Self acceptance - Jung
"People forget that even doctors have moral scruples and that certain patient’s confessions are hard even for a doctor to swallow. Yet the patient does not feel himself accepted unless the very worst of him is accepted too. No one can bring this about by mere words. It comes only through reflection and through the doctor’s attitude towards himself and his own dark side. If the doctor wants to guide another or even accompany him a step of the way, he must feel with that person’s psyche. He never feels it when he passes judgment. Whether he puts his judgments into words or keeps them to himself, makes not the slightest difference. To take the opposite position and to agree with the patient offhand is also of no use but estranges him as much as condemnation. Feeling comes only through unprejudiced objectivity.
This sounds almost like a scientific precept. And it could be confused with a purely intellectual abstract attitude of mind. But what I mean is something quite different. It is a human quality: A kind of deep respect for the facts – for the man who suffers from them and for the riddle of such a man’s life. The truly religious person has such an attitude. He knows that God has brought all sort of strange and unconceivable things to pass and seeks in the most curious ways to enter a man’s heart. He therefore senses in everything the unseen presence of the Divine Will. This is what I mean by unprejudiced objectivity. It is a moral achievement on the part of the doctor who ought not to let himself be repelled by sickness and corruption. We cannot change anything unless we accept it. Condemnation does not liberate. It oppresses. And I am the oppressor of the person I condemn – not his friend and fellow sufferer.
I do not in the least mean to say that we must never pass judgment when we desire to help and improve. But, if the doctor wishes to help a human being, he must be able to accept him as he is. And he can do this in reality only when he has already seen and accepted himself as he is. Perhaps this sounds very simple, but simple things are always the most difficult. In actual life, it requires the greatest art to be simple. And so, acceptance of oneself is the essence of the moral problem, and the acid test of one’s whole outlook on life. That I feed the beggar – that I forgive an insult – that I love my enemy in the name of Christ – all these are undoubtedly great virtues. What I do unto the least of my brethren that I do unto Christ. But what if I should discover that the least amongst them all – the poorest of all beggars – the most impudent of all offenders – yea the very fiend himself – that these are within me? And that I myself stand in need of the arms of my own kindness. That I myself am the enemy that must be loved. What then?
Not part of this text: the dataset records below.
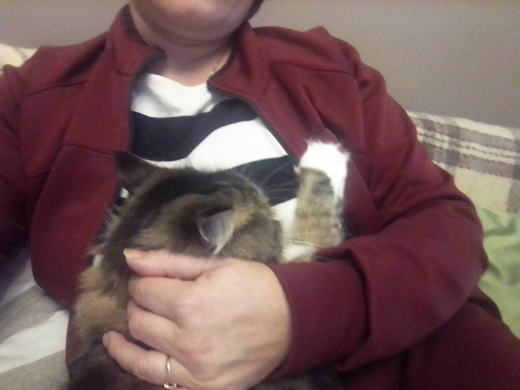 Аз гушканица да покажа, работя и котето усеща, че съм напрегната, дари ме с прегръдка от нейните и мърканица:
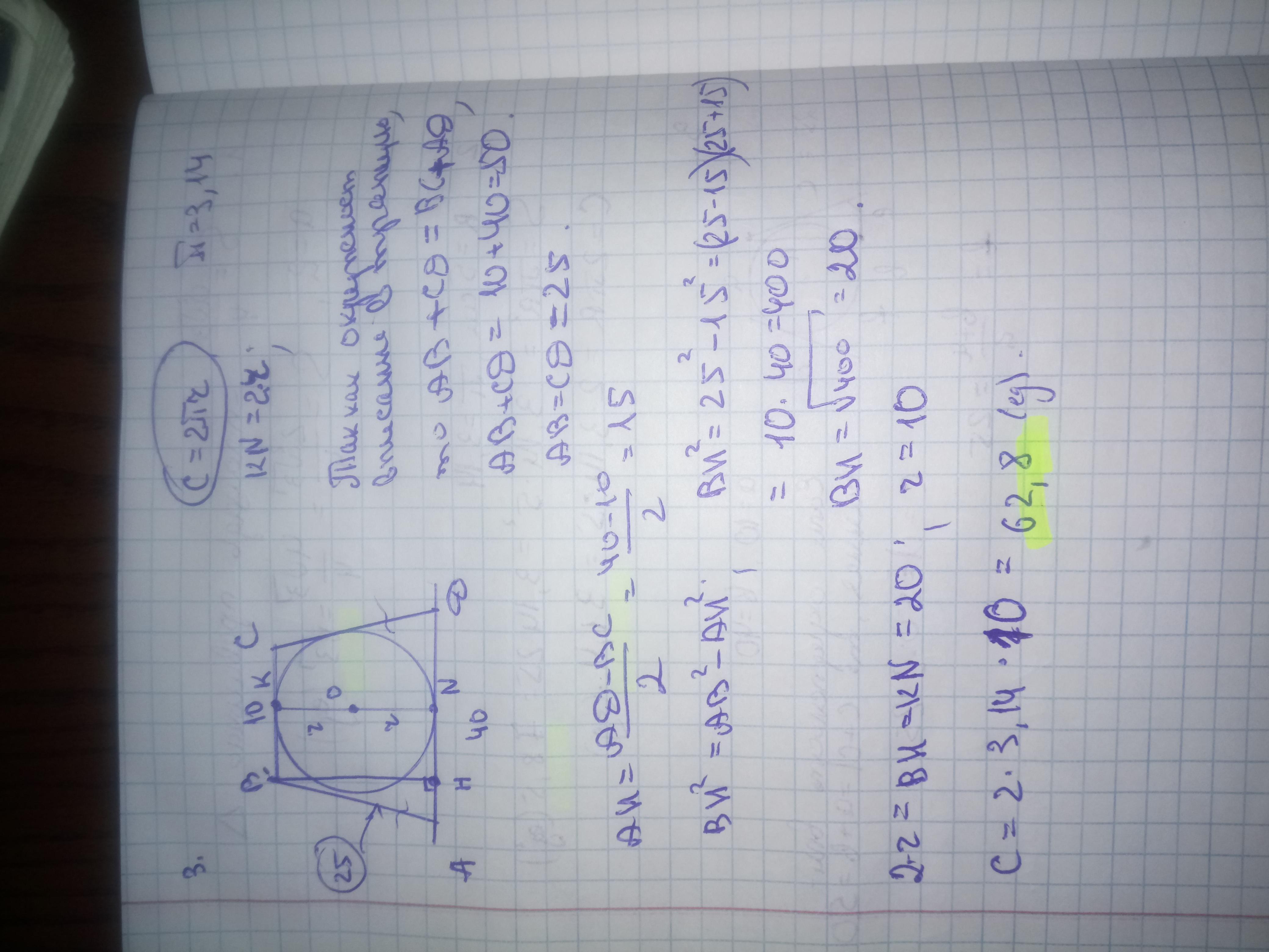 Равнобедренной трапеции с основаниями 10 и 40 описанного около окружности найдите длину этой окружности
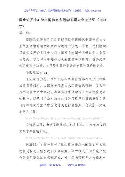 / 国企党委中心组主题教育专题学习研讨会主持词
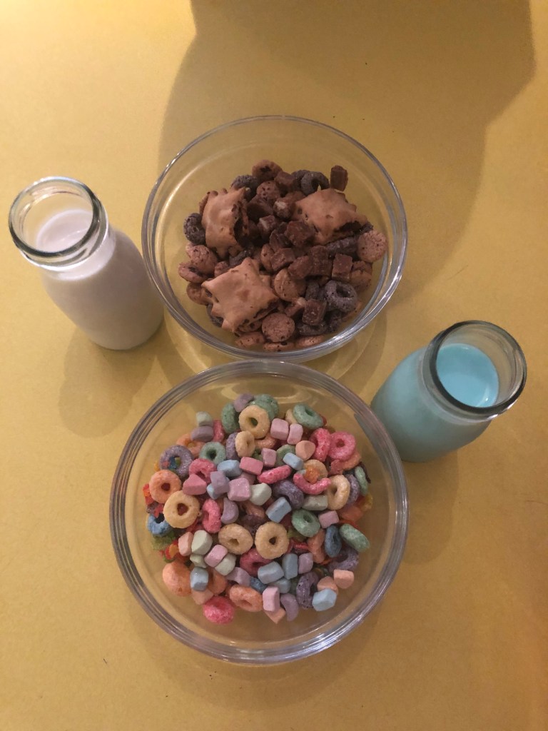 In addition to the crazy cereals, they also have wacky decor. Being a 90’s baby, I was immediately transported back to my childhood with the old cereal boxes, cereal toys, 90’s TV character wallpaper, and VHS tapes displayed throughout the place. Plus you’ll feel right at “home” if you are seated in the back. Your chair will be a twin size bed.

Then, as a rule, the whole truth of Christianity is reversed. There is then no more talk of love and long suffering. We say to the brother within us: Rocca, and condemn and rage against ourselves. We hide him from the world. We deny ever having met this least among the lowly in ourselves. And had it been God himself who drew near to us in this despicable form, we should have denied him a thousand times before a single cock had crowed."